Chapter 4 – Thirteen Free and Independent States Join in a Constitution; George Washington Presides Over the New Common Government; Alexander Hamilton Has an Agenda and Thomas Jefferson Disagrees, 1783-1800

By Clyde N. Wilson of S. C., Ph.D., S.I.S.H.


The Constitution

In 1783 Great Britain gave up its war to retain control of the 13 States and granted a treaty that recognized the former colonies as “free, sovereign, and independent States.”  Britain also acknowledged the States’ rights to the land that they claimed, up to the Mississippi river border of the Spanish Empire.  This latter benefit to Americans came largely because VA had sent George Rogers Clark out to defeat British occupation of the territory above the Ohio River and Southerners had already planted settlements in Kentucky (KY) and Tennessee (TN).

During the Revolution the colonies joined in a constitution called the Articles of Confederation, under which a Continental Congress was empowered to handle certain common matters.  In this Congress, as in the Constitutional Convention later, each State had one vote, whatever number of delegates it chose to send.  (Bet you didn’t know that.)   Ordinary actions required a majority of the States voting affirmative.  Important matters required unanimity.

The Continental Congress formed a Continental Army under Washington that provided a core of military power, though it must be remembered that a great deal of war was carried on by State forces.  It started a small navy and sent its ablest men as representatives to European governments.  Britain’s hereditary enemy France came in on the side of the Americans.
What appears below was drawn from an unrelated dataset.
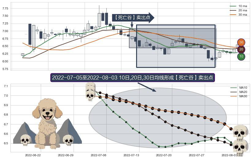 形态多维评估: ⚀ 2022-07-06-日至2022-08-03-日显现 10日-20日-30日均线 【死亡谷】卖出点 看空信号,后市看跌,卖出

The Congress had no source of revenue except what it asked the States to contribute.  It had trouble paying the soldiers and suppliers of its army and its paper promises had little market value.  At the end of the war there was a large outstanding debt, no standard money for business, potentially hostile European empires on every side, and some quarreling among the States about boundaries, currency, and trade.  Historians who dub this “the Critical Period” and say that everything was falling apart are guilty of exaggeration.  However, many people felt the need for “a more perfect Union,” that could act effectively in the common interest.  The Congress asked the States to send delegates to a convention, meeting in Philadelphia in1787, to draft amendments to the Articles.
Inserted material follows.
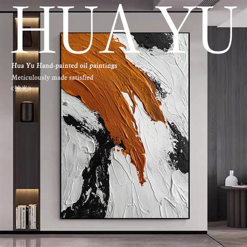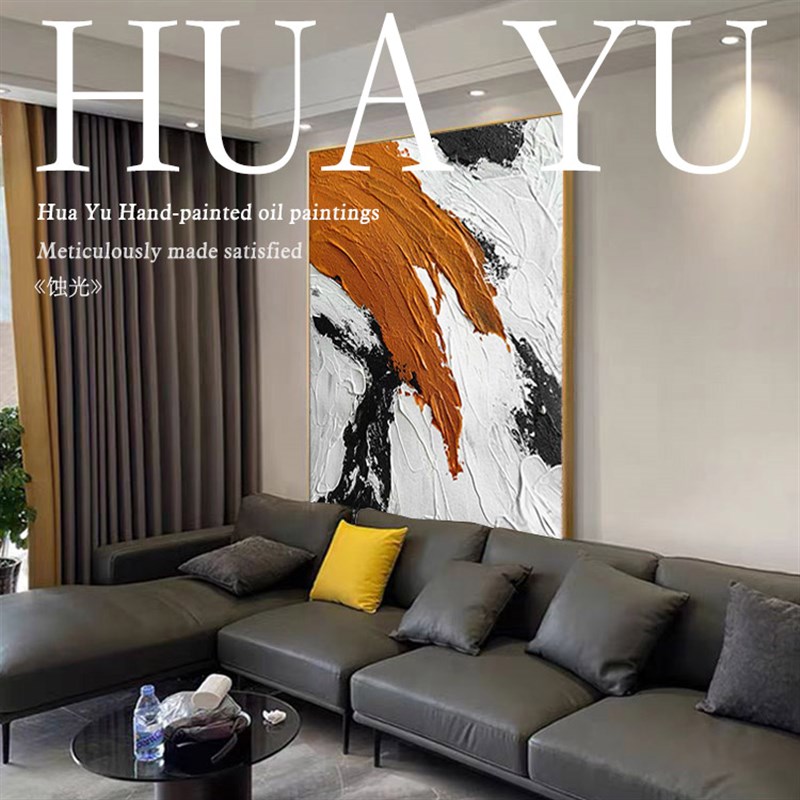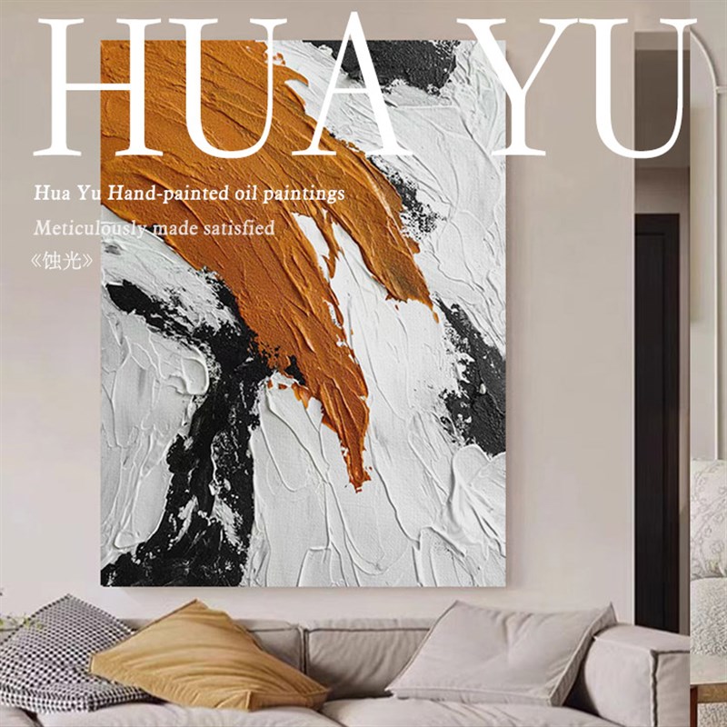 纯手绘油画立体抽象画黑白橙客厅沙发背景墙装饰画玄关挂画肌理画

This was by no means a universally popular move.  Rhode Island (RI) did not send delegates and several prominent men like Patrick Henry mistrusted what was going on and refused to go.  When the delegates met, advocates of a strong central government took the initiative and proposed a whole new instrument rather than amendments to the Articles.  The centralizers’ specific plans met major opposition and less extreme proposals were considered.    A major compromise was reached when it was agreed to have a two-house legislature.  In the Senate the States would be equal.  In the House of Representatives they would be weighted according to population.  There were brilliant discussions on many matters of government, although these were not known to the public until forty years later when the proceedings of the Philadelphia Convention and of the State ratifying conventions were published.  This has allowed politicians, judges, and historians to claim that the Constitution is a more centralist document than it was intended to be.

One compromise caused considerable North/South friction later on.  In determining representation in the House, it was agreed to use three-fifths of the bonded African-American population.  This did not mean, as was later claimed, that a black man was considered 3/5ths of a man.  There were still slaves in the North.  Women, children, men without property, and many others were counted for representation but could not vote anywhere or exercise full citizenship rights.  Property qualifications for voting disfranchised half the white men in some States.   The 3/5ths rule was also to be used for taxes and could be considered a Southern concession.

Many later people, including one silly Chief Justice of the U.S. Supreme Court, like to pretend that the Philadelphia Constitution was a “miracle” delivered by saintly Founding Fathers – that it created liberty for Americans and promulgated freedom for all mankind.  Nonsense!  Americans were already free with their freedoms protected by State constitutions.  The men who wrote the Constitution were not saints, they were learned but also experienced and practical men, who disagreed on numerous points.   When issued from the Convention, the Constitution was nothing more than a piece of paper.  It had no validity until it was ratified by the sovereign peoples of each State.  It could go into effect when nine States had ratified – among those nine States. The ratifying States were thus potentially seceding from the Articles and from the States that did not ratify.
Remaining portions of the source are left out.